*DIRECTIONS:* Only the lines from the start of the entries through the line with "어떻게 대응하는 것이" should be returned, each exactly as it stands, and no pictures.

--------

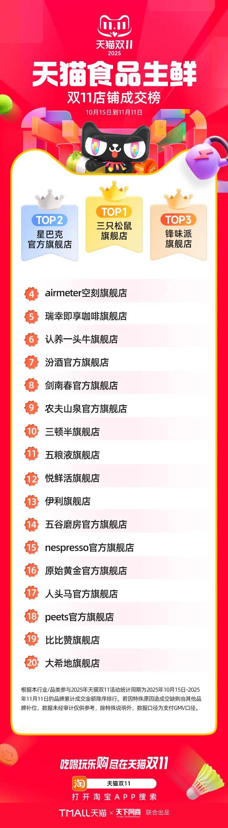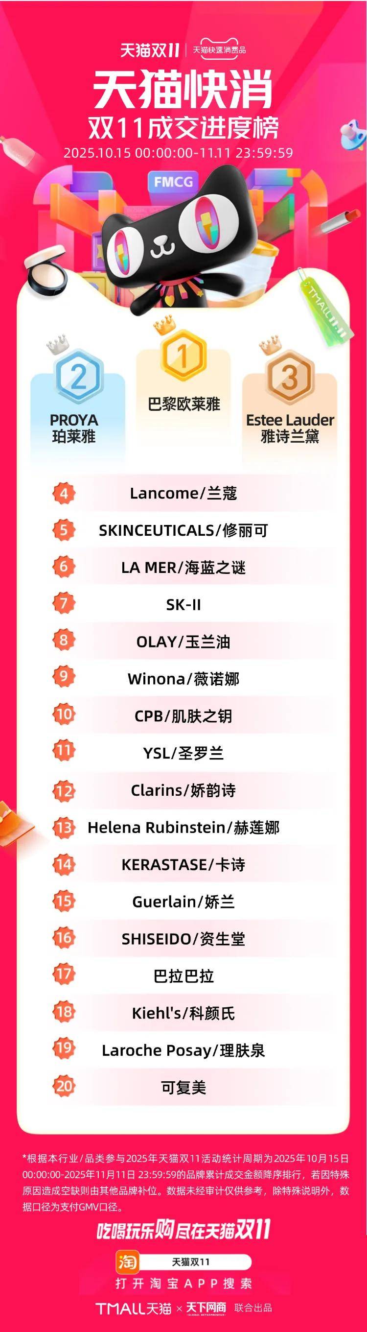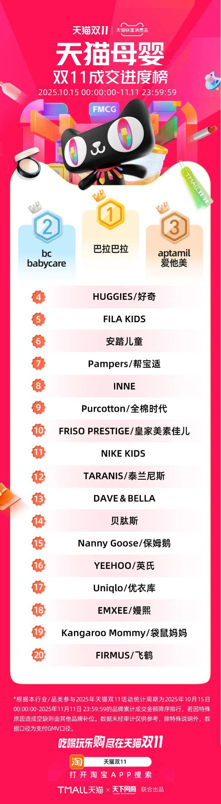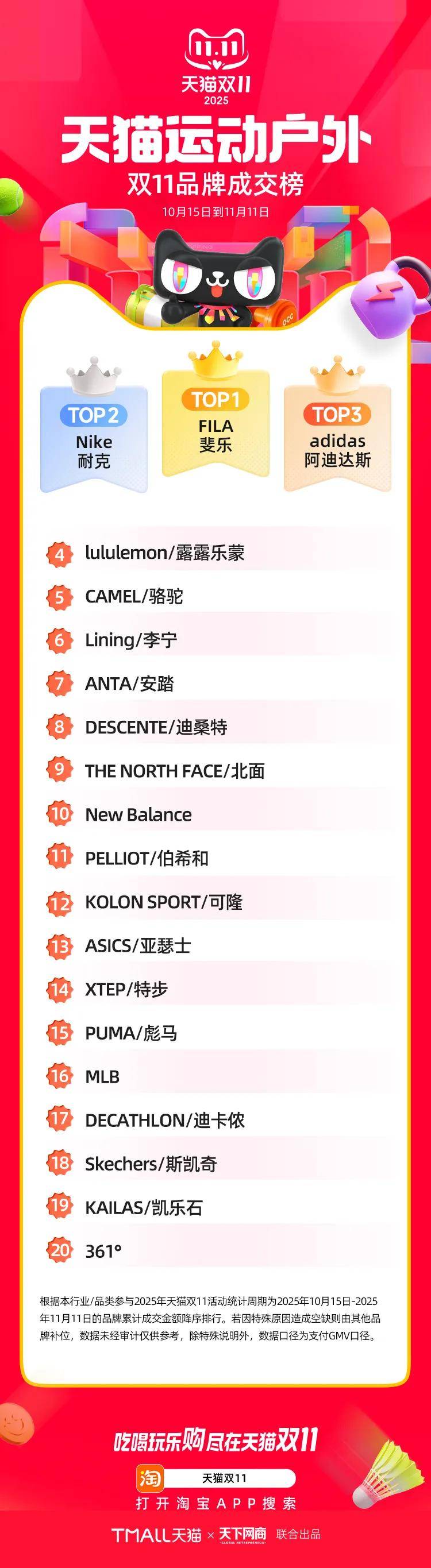 11月13日,2025天猫双11(10月15日-11月11日)品牌成交排行榜出炉,快消、服饰、运动户外、家享生活、3C数码、玩具潮玩、宠物、食品生鲜、汽车、珠宝饰品、天猫国际等行业的领跑品牌、商家出炉。
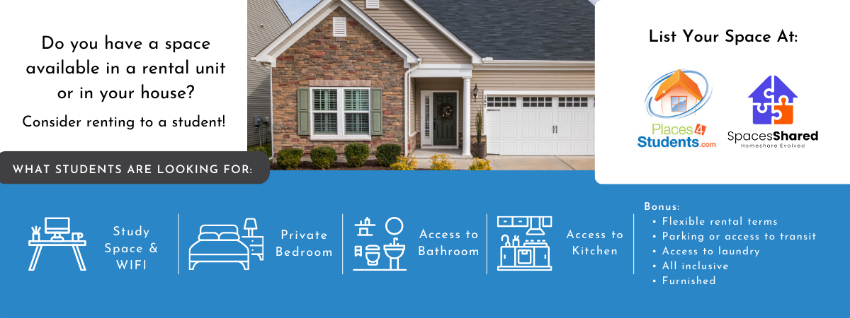 Nipissing University’s Off Campus Living Program is dedicated to providing students who choose to live off campus with the support and resources they need to become informed residents, promoting active participation in the community and on campus. By providing access to advertising websites, through Places4Students and SpacesShared, students have access to a variety of housing options to suit their specific needs.
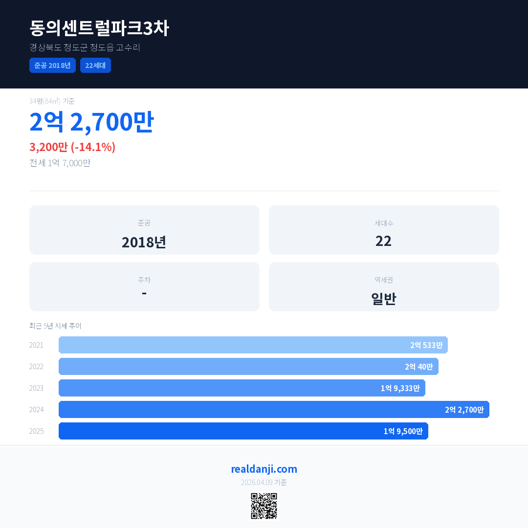 동의센트럴파크3차 국민평형 기준 2025년 평균 거래가는 1억 9,500만으로, 전년 대비 14.1% 하락 했습니다.
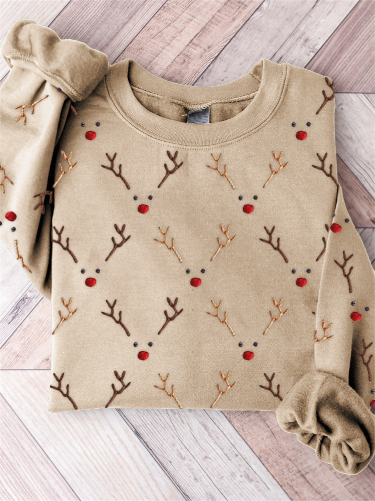 Christmas Reindeer Faces Embroidery Pattern Comfy Sweatshirt
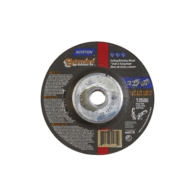 Gemini Type 27 Grinding and Cutting Wheel, 4-1/2 in dia, 1/8 in Thick, 5/8 in -11 Arbor
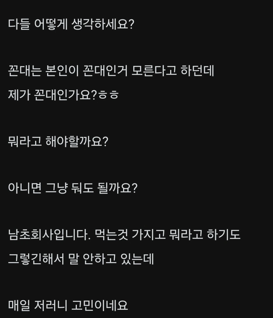 어떻게 대응하는 것이 좋을지 나는 동료들과 얘기해 본 적이 있다. 말하기 곤란한 문제이고 나만 유독 예민한 것일 수도 있어서 소심한 성향의 나와 같은 몇몇은 결국 말하지 못할 것 같다고 했다.
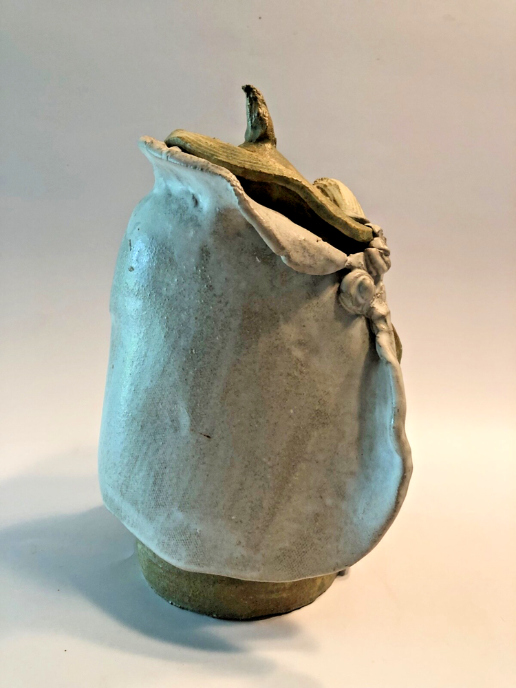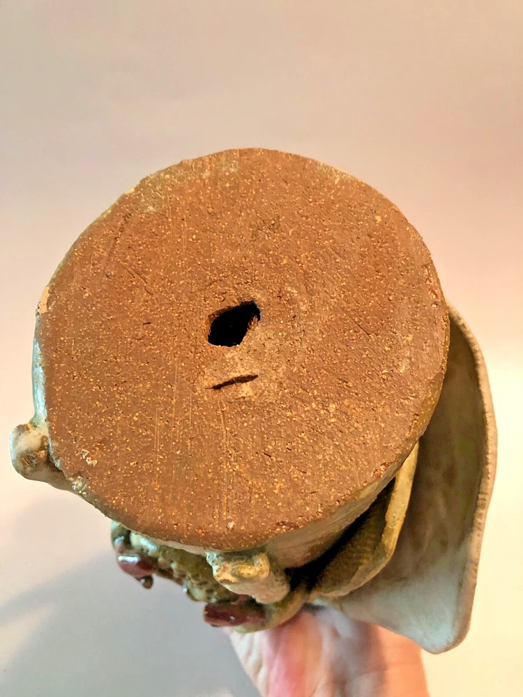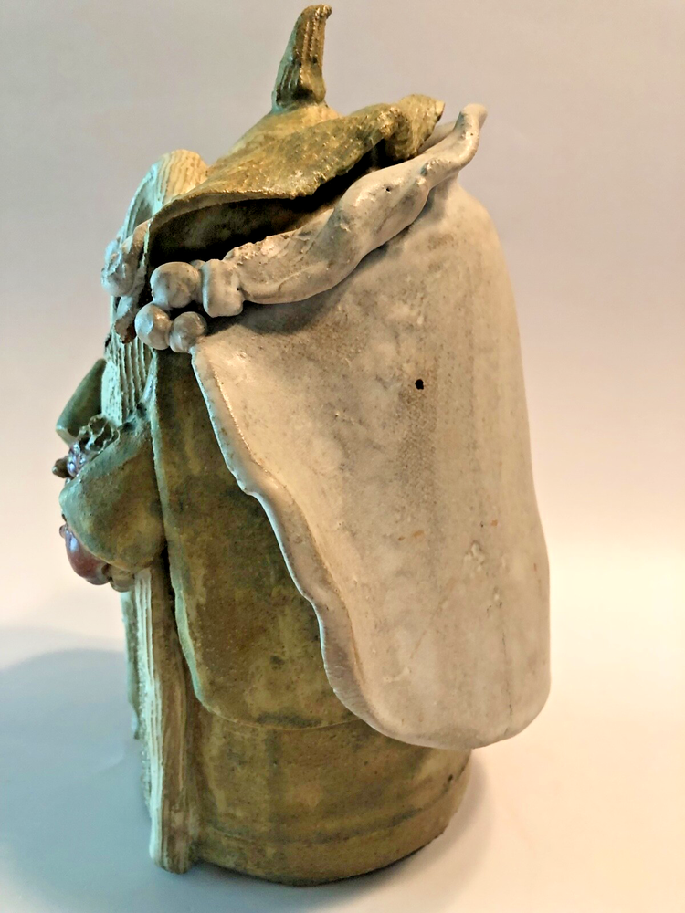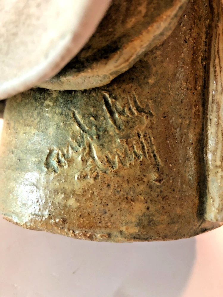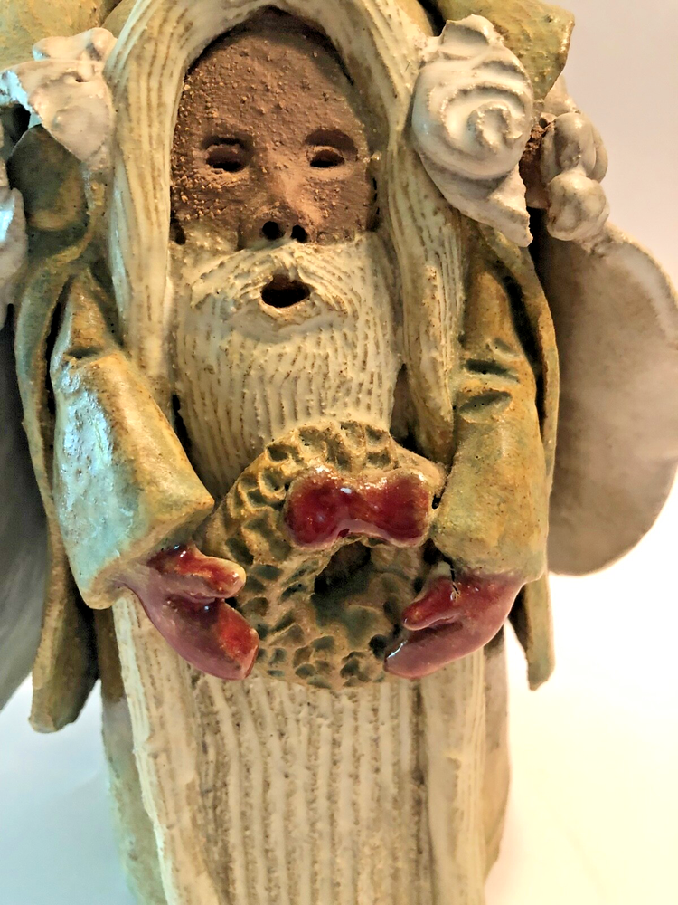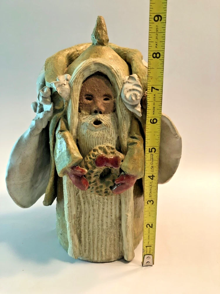 This handcrafted clay pottery Santa figurine sculpture is a unique and primitive piece perfect for Christmas decor. Standing at 9 inches tall, this brown-colored Santa figurine features intricate details and is signed by the artist. Made from clay, this original sculpture captures the essence of the holiday season with its charming design. Ideal for collectors or those looking to add a rustic touch to their home during the festive season.

--------

*SOLUTION:*
 11月13日,2025天猫双11(10月15日-11月11日)品牌成交排行榜出炉,快消、服饰、运动户外、家享生活、3C数码、玩具潮玩、宠物、食品生鲜、汽车、珠宝饰品、天猫国际等行业的领跑品牌、商家出炉。
 Nipissing University’s Off Campus Living Program is dedicated to providing students who choose to live off campus with the support and resources they need to become informed residents, promoting active participation in the community and on campus. By providing access to advertising websites, through Places4Students and SpacesShared, students have access to a variety of housing options to suit their specific needs.
 동의센트럴파크3차 국민평형 기준 2025년 평균 거래가는 1억 9,500만으로, 전년 대비 14.1% 하락 했습니다.
 Christmas Reindeer Faces Embroidery Pattern Comfy Sweatshirt
 Gemini Type 27 Grinding and Cutting Wheel, 4-1/2 in dia, 1/8 in Thick, 5/8 in -11 Arbor
 어떻게 대응하는 것이 좋을지 나는 동료들과 얘기해 본 적이 있다. 말하기 곤란한 문제이고 나만 유독 예민한 것일 수도 있어서 소심한 성향의 나와 같은 몇몇은 결국 말하지 못할 것 같다고 했다.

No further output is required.